▶ _EXTRACTED RECORDS_
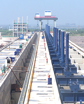 公司專業(yè)生產(chǎn)的各類平面、弧型閘門,各類卷揚、門式、移動式啟閉機,各類清污機、攔污柵、升船機、壓力鋼管、錐形閥等超大型、大型水工金屬結(jié)構(gòu)件和各類起重機遠(yuǎn)銷全國26個省、市、自治區(qū),并出口到16個國家和地區(qū),廣泛應(yīng)用于全國重點工程建設(shè),如長江三峽永久性船閘工程、淮河蚌埠閘擴建工程、浙江溫州珊溪水利樞紐工程、四川岷江紫坪鋪水利樞紐工程、浙江省分水江水利樞紐工程、中國河口第一大閘曹娥江攔河大閘和港口、船舶制造企業(yè)等。
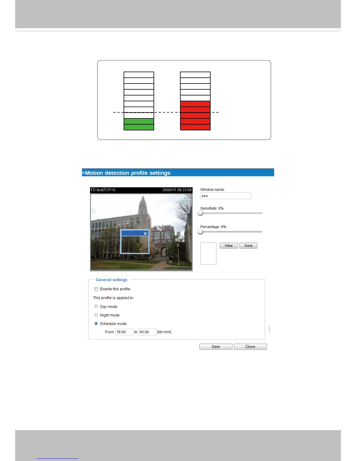 click Prole to open the Motion Detection Prole Settings page as shown below. A total of three motion
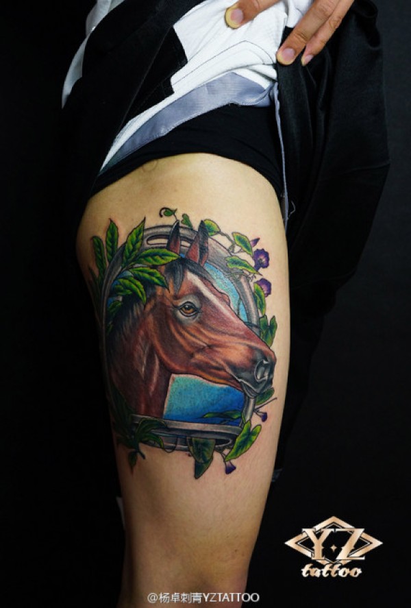 腿部时尚潮流的一款马纹身图案_腿部纹身图案大全_纹身图吧
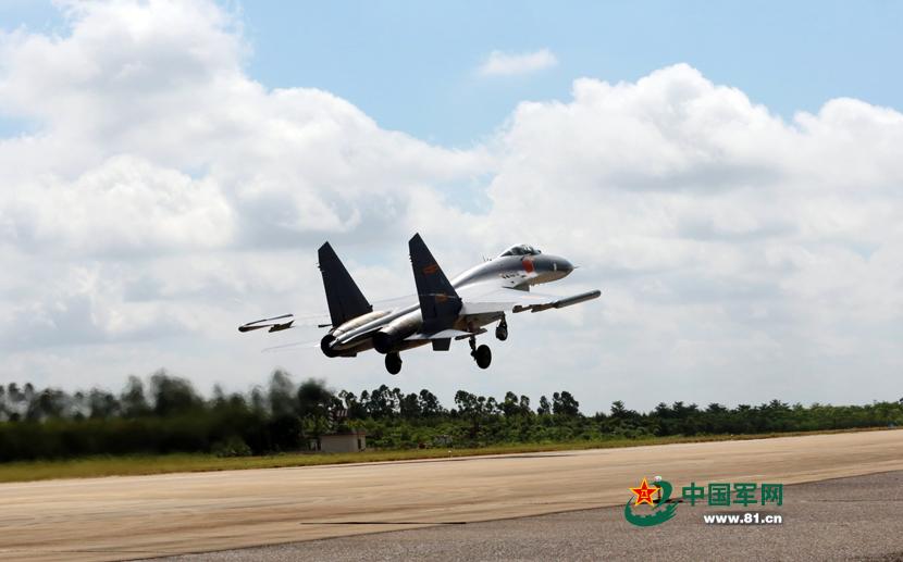 In this photo taken on June 25, J-11 fighters of the Air Force of Guangzhou Military Region under Chinese People's Liberation Army hold confrontation drill. (Photo source: 81.cn)
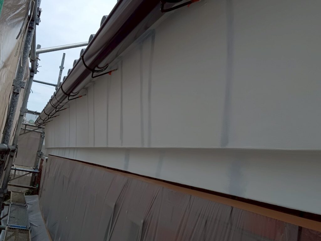 軒天と破風板も同じモルタル壁なので、同様に下塗りを塗装していきます。
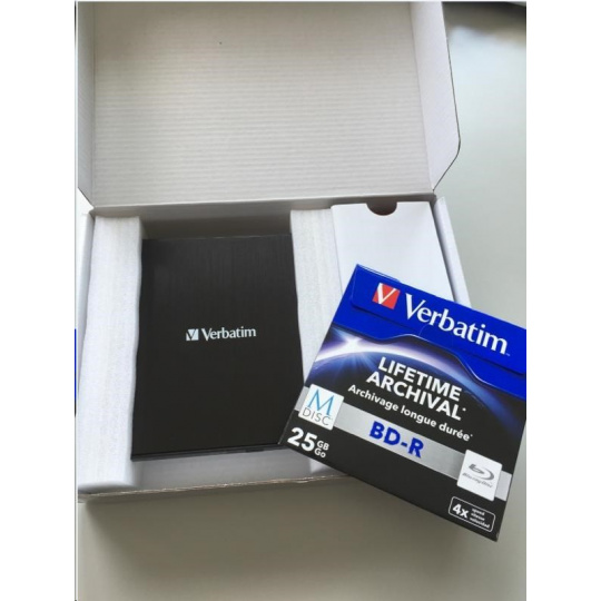 VERBATIM Slimline Blu-ray Rewriter USB 3.0 Bezplatný BR disk 25 GB (CD DVD BD Mdisc)
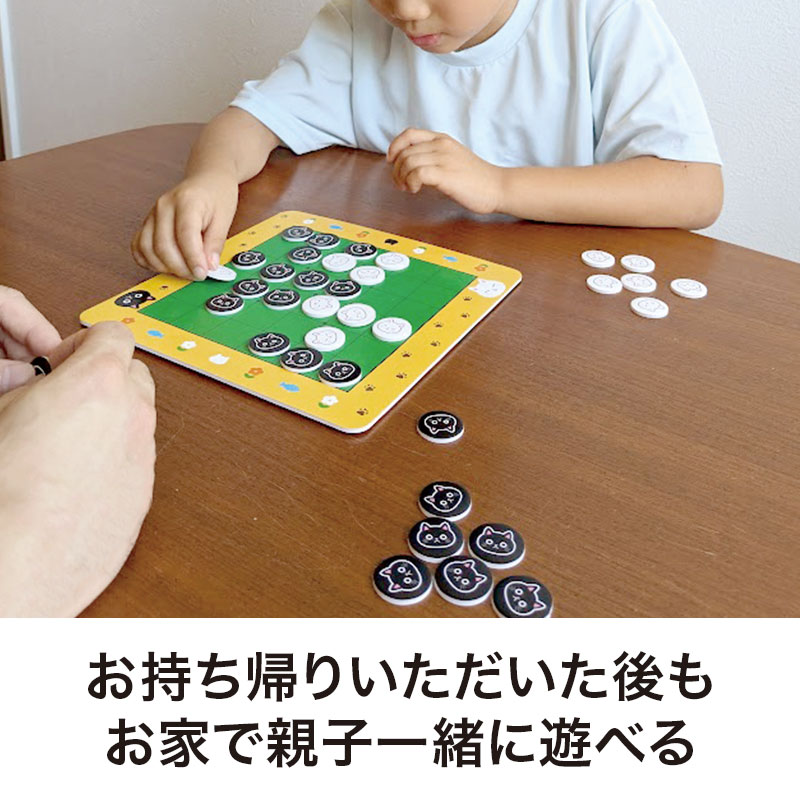 コマは【くろねこ】と【しろねこ】のかわいいデザインで、子どもが喜ぶこと間違いなし。
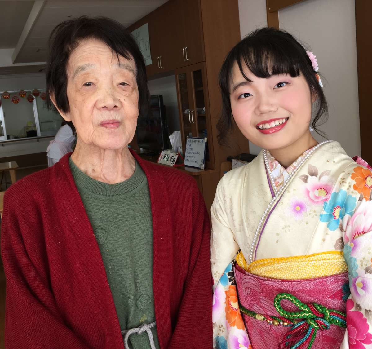 利用者様のお孫さんが成人式の式典に出席する前に晴れ着姿で遊びにきてくれたのです。
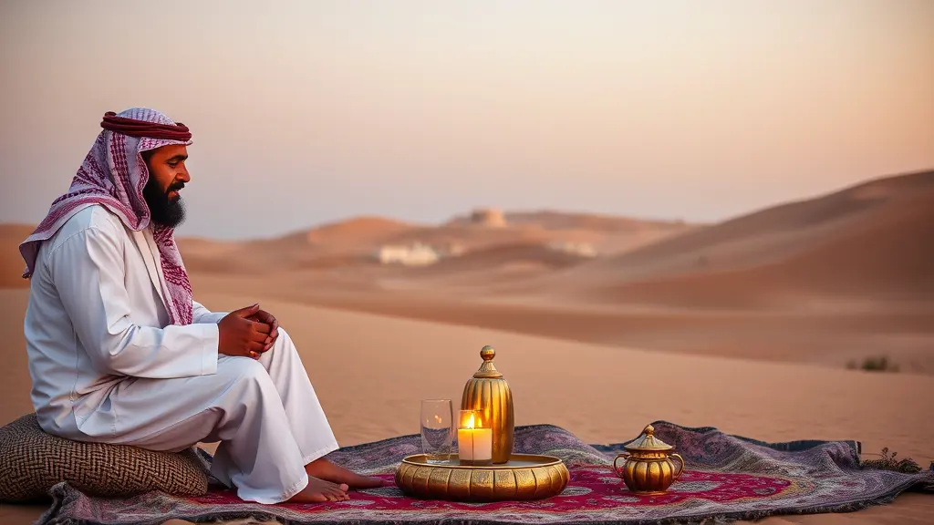 مجلس عربى في الصحراء ورجل وامرأة جالسين يشربون القهوة
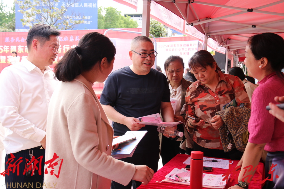 新邵东客户端4月28日讯(记者 刘意忠) 4月27日,邵东市举办家政服务行业专场招聘会暨家政行业零工就业推荐会,47家省内外家政企业及职业培训机构现场提供养老护理、母婴照护等就业岗位1500余个,吸引近千名求职者参与。

▶ _WHAT YOU ARE ASKED TO DO_
What do the lines above say from the line containing "軒天と破風板も同じモルタル壁なので、同様に下塗りを塗装していきます。" through the last line? Quote them exactly, both ends included, and leave out the pictures.

▶ _ANSWER BELOW_
 軒天と破風板も同じモルタル壁なので、同様に下塗りを塗装していきます。
 VERBATIM Slimline Blu-ray Rewriter USB 3.0 Bezplatný BR disk 25 GB (CD DVD BD Mdisc)
 コマは【くろねこ】と【しろねこ】のかわいいデザインで、子どもが喜ぶこと間違いなし。
 利用者様のお孫さんが成人式の式典に出席する前に晴れ着姿で遊びにきてくれたのです。
 مجلس عربى في الصحراء ورجل وامرأة جالسين يشربون القهوة
 新邵东客户端4月28日讯(记者 刘意忠) 4月27日,邵东市举办家政服务行业专场招聘会暨家政行业零工就业推荐会,47家省内外家政企业及职业培训机构现场提供养老护理、母婴照护等就业岗位1500余个,吸引近千名求职者参与。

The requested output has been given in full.